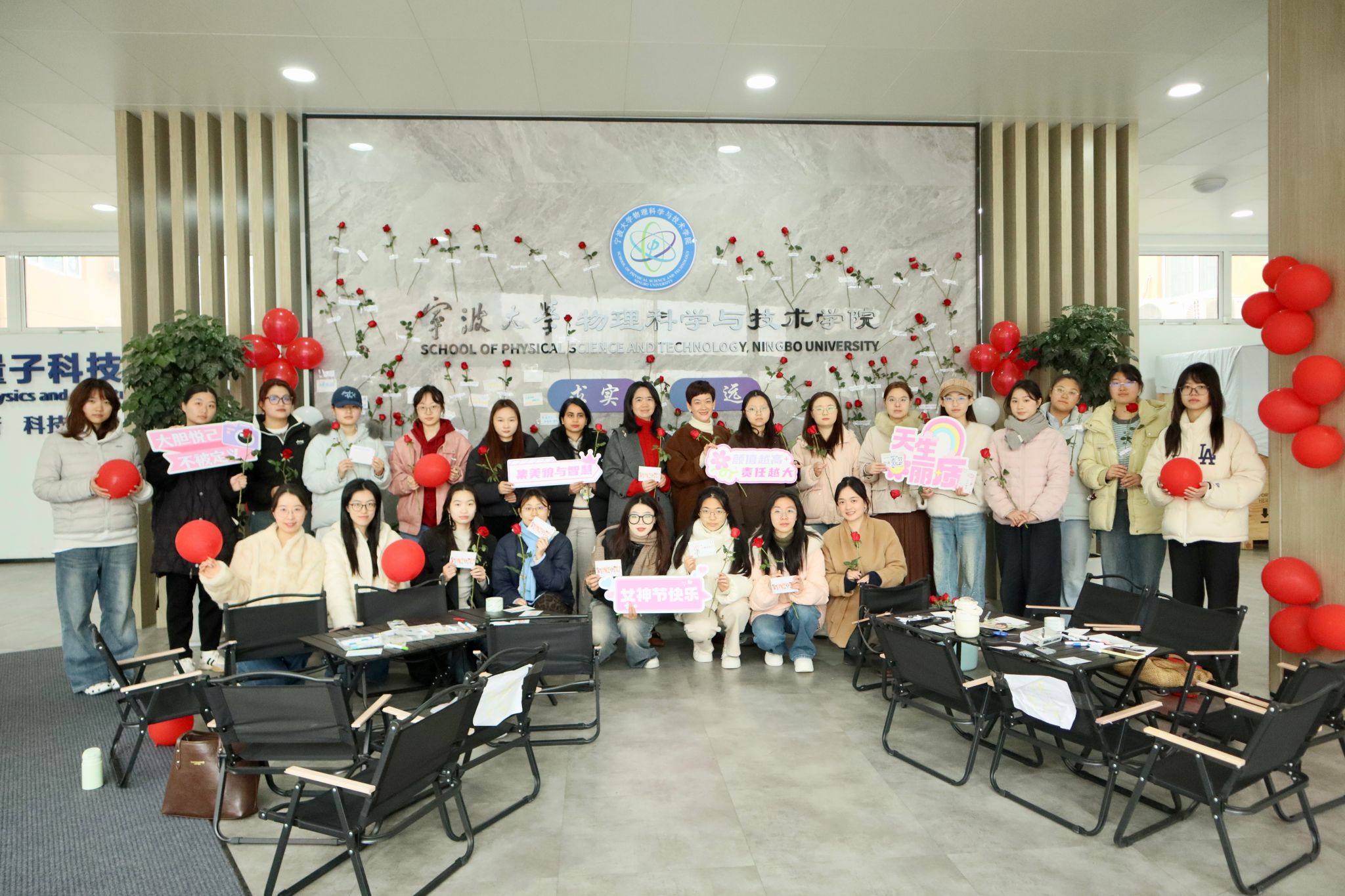 3月6日,成人av 在龙赛理科楼正大门开展“心花·怒放”女生节主题活动,活动以“用玫瑰换一封写给自己的情书”为创意,吸引了学院众多女教师、女学生积极参与,为春日校园增添了一抹温暖亮色。
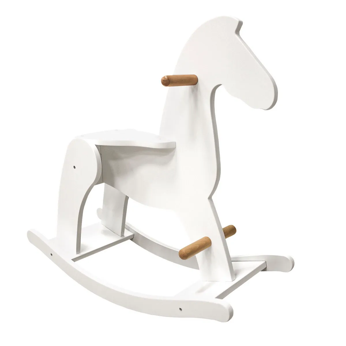 Детская лошадка-качалка из экологически чистых материалов — идеальный подарок для вашего ребенка! Основание выполнено из МДФ с белой эмалью, которая не содержит железа и абсолютно безопасна для малыша. Декоративные элементы из натурального дерева добавляют изделию особую привлекательность.
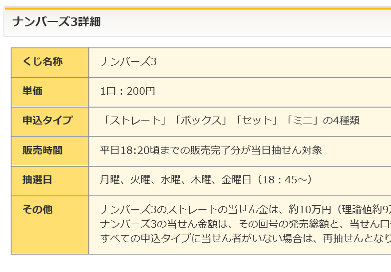 ナンバーズ3の当日分、購入締め切り時間。
_ _ _
Task details |
Could you reproduce exactly the lines running from the one with "Детская лошадка-качалка из" through the final line of the listing above, both included, and drop the pictures?

Solution to this exercise |
 Детская лошадка-качалка из экологически чистых материалов — идеальный подарок для вашего ребенка! Основание выполнено из МДФ с белой эмалью, которая не содержит железа и абсолютно безопасна для малыша. Декоративные элементы из натурального дерева добавляют изделию особую привлекательность.
 ナンバーズ3の当日分、購入締め切り時間。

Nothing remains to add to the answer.